Acceleration, or “latency reduction”, addresses this issue by storing content in proximity to the end-users and providing request routing optimization capabilities to end users. Let’s explore this further using our CDN model.
User-initiated DNS requests are received by his LDNS, which forwards the requests to one of the CDN’s DNS servers. These servers are part of the Global Server Load Balancer infrastructure (or “GSLB”). The GSLB literally measures the entire Internet, and keeps tracking information about all available resources and their performance.
With this knowledge, the GSLB resolves the DNS request using the best performing edge address (usually in proximity to the user). An “edge” is a set of servers that caches and delivers the content. After DNS resolution is completed, the user makes the HTTPS request to the edge. When the edge receives the request another type of machinery kicks in. With the help of GSLB, edge servers forward the requests following the optimal route to the origin.
Then it fetches the requested data, delivers it to the end-user who requested it, and stores that data locally. All subsequent requests will be served from the local dataset without having to query the origin server again.
Content stored on the edge can be delivered even if the origin becomes unavailable for any reason.
A cool thing to note is that it is possible to prefetch content to the edge in advance. This ensures that the data you are going to deliver is stored in all CDN data centers. In CDN parlance, these Data Centers are called Points of Presence (or “POPs”).
For example, assume that you run an ad campaign and advertise your service or product among millions of potential customers who will rush to your site after reading the post. This scenario is especially true if you deal with influencers who have good audience engagement rates. In this use case, the load will be distributed between CDN edge servers, and everyone will get the response. Because only a small fraction of requests will reach the origin, you can be assured that your servers will not experience massive traffic spikes, 502 errors, and overloaded upstream network channels.
These traffic spikes are similar to the DDoS attacks. When a massive amount of requests “attack” your application, you most likely have no idea how to deal with it, while your customers suffer.
Fortunately, the CDN is a DDoS mitigation platform. GSLB and edge servers are capable of handling enormous amounts of requests and distributing the load equally across the entire capacity of the network.
Security is not only about DDoS mitigation and load distribution during spikes. CDNs can provide certificate management and automatic certificate generation and renewal. To protect your application from L7 attacks, a web application firewall can be enabled.
How Else Can A CDN Be Helpful?
The CDN is not limited to the benefits explained above. A modern CDN platform delivers many more advantages to your business and engineering teams.
It can be used to manage access from different regions on the planet. While you allow access for some regions, you can deny access to others.
You can easily offload application logic to the edge and close to your customers. You can process and transform the request/response headers and body, route requests between different origins based on request attributes, or delegate authentication tasks to the edge.

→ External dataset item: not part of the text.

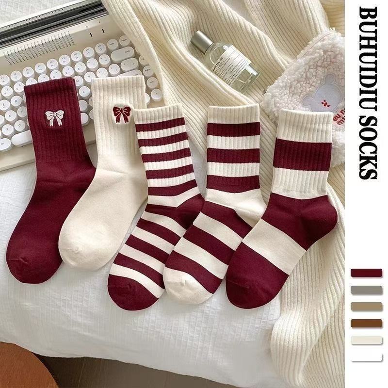 TEMU 혼합 5 쌍, 안콜레 레드 필 스타킹, 보우넛 미드 튜브 스타킹, 새해 분위기, 가을과 겨울 따뜻한 패션 여성 스타일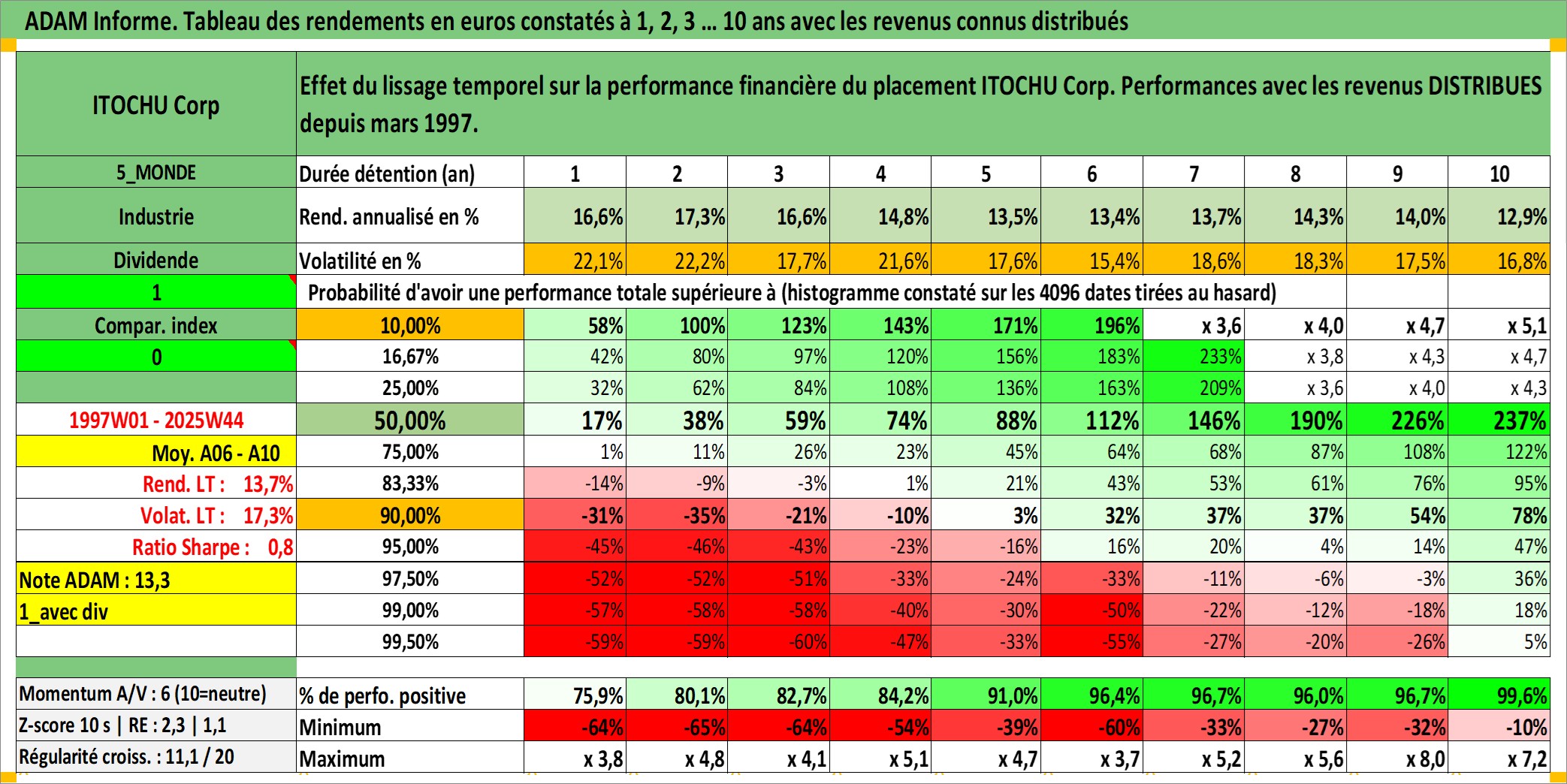Site dédié aux investisseursPage dédiée sur site financeAnalyse des valorisations hebdomadaires de l'action ITOCHU Corp. Cet actif est cote en JPY. Les valorisations sont en contrevaleur EURO et couvrent les semaines 1997W01 a 2025W44. Les revenus de cet actif financier sont pris en compte depuis la semaine 1997W13. La note globale ESG de cet actif est estimee a 10.0 (apres rebasage entre 0 et 20).

Large amounts of traffic require an infrastructure for log collection and processing for further analysis. CDNs collect the logs and provide an interface to conveniently analyze the data generated by the visitors.
It is only natural that something becomes easy to use when you are already familiar with it. For that reason, CDN360 edges are NGINX based. This means you can perform tasks using standard NGINX directives.

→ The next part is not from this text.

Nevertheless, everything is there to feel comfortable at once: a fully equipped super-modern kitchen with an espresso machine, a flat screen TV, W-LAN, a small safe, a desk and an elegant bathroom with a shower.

Our engineering team spent thousands of hours extending NGINX.
Static & Dynamic Acceleration
Dynamic acceleration applies to something that cannot be cached on the edge due to its dynamic nature. Imagine a WebSocket application that listens for events from a server or API endpoint whose response differs, depending on credentials, location, or other parameters. It is hard to leverage the cache machinery on the edge in a way that is similar to caching static content. In some cases, tighter integration between the app and the CDN may help; however, in some cases, something other than caching should be used. For dynamic acceleration, CDN’s optimized network infrastructure and advanced request/response routing algorithms are used.

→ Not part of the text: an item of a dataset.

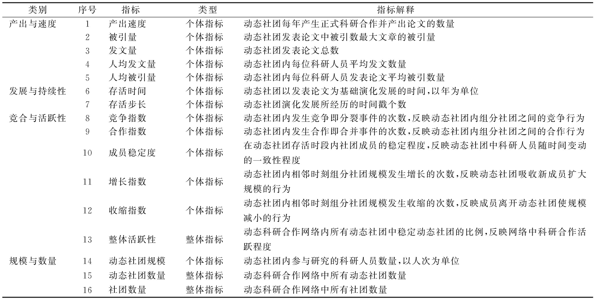 本文从基础研究动态社团结构、演化和产出3个方面提取16个动态社团特征指标,将其划分为产出与速度、发展与持续性、竞合与活跃性、规模与数量4类,如表1所示。其中,个体指标为度量单个动态社团的特征指标,整体指标为度量网络中所有动态社团整体状态的特征指标,相关指标识别过程见图3。

Billing model or “What do I pay for?”
Conventionally in a CDN, you pay for the traffic consumed by your end-users and the amount of requests. Additionally, HTTPS requests require more computing resources than HTTP requests, which creates more load on the CDN provider equipment. For this reason, you may pay additional costs for HTTPS requests, while HTTP requests are not billed at an additional cost.
As the computation moves to the edge, the CPU becomes an object of billing. Requests might have various processing pipelines and, as result, will require different amounts of CPU time. It is impractical to bill by the requests count; it is more practical to bill by traffic amount + cpu time used.
Who Uses CDN?
CDN is used by businesses of various sizes to optimize their network presence, availability, and provide a superior user experience for customers. A CDN is particularly popular in the following industries:
- Digital Publishing
- Online Video & Audio
- Online Gaming
- Online Education
- Public Sector
- Financial Services